Generally, people are willing to admit that they feel "upset," but not that they are angry . Even
acknowledging "upset" is a first step; some of us deny even that. The second step is admitting that our
"upset" is anger. The third step is speaking resentments specifically and in contact with one's own body
and the eyes of the other person.
Clue about denying anger-> When you find yourself "trying," struggling, striving without any results, look
for whom you are trying to please: you are probably mad at them.

Another clue is self-condemnation. Instead of condemning yourself and calling yourself a rotten, weak,
or stupid person, ask yourself, "Who am I mad at?" Don't let yourself off the hook with the
rationalization, "I'm just mad at myself." This is worthless. You postulate two people, "I" and "myself who
are mad at each other. Put the two pieces back together and find someone else to be mad at. When you
have a choice of being mad at someone else or mad at yourself, always pick someone else. Most people
think selfcondemnation is a virtue; it's not.

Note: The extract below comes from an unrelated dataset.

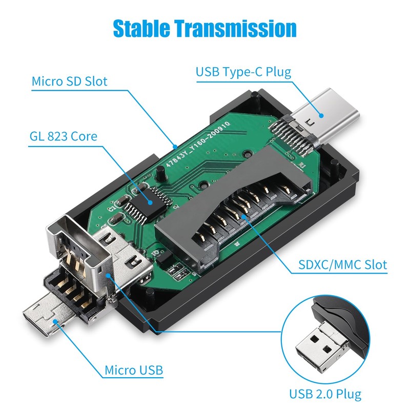 The SD card camera reader with 3 connectors, namely USB 2.0, Micro USB and USB-C connectors, compatible with all USB-C devices, laptops, tablets and Android smartphones that support OTG function. Dual card slot of the memory card adapter supports SD SD-3C SDXC SDHC MMC RS-MMC TF Micro SDXC Micro SD Micro SDHC card and UHS-I memory cards. (Note: Micro USB is included in USB-A)

Another hint of hidden anger is perfectionism. People who are proud of being perfectionists and for
whom hardly anything is ever good enough are angry at someone else

"Why do I have to express my anger directly to another person? Isn't it possible to just forget about it or
just understand the other person's situation and forgive him?" The answer is no. You cannot forgive
someone else without expressing your resentment directly to her or him.

Forgiving someone with whom you are angry—actually experiencing forgiving him—only happens after
you tell him what he did or said that you resent.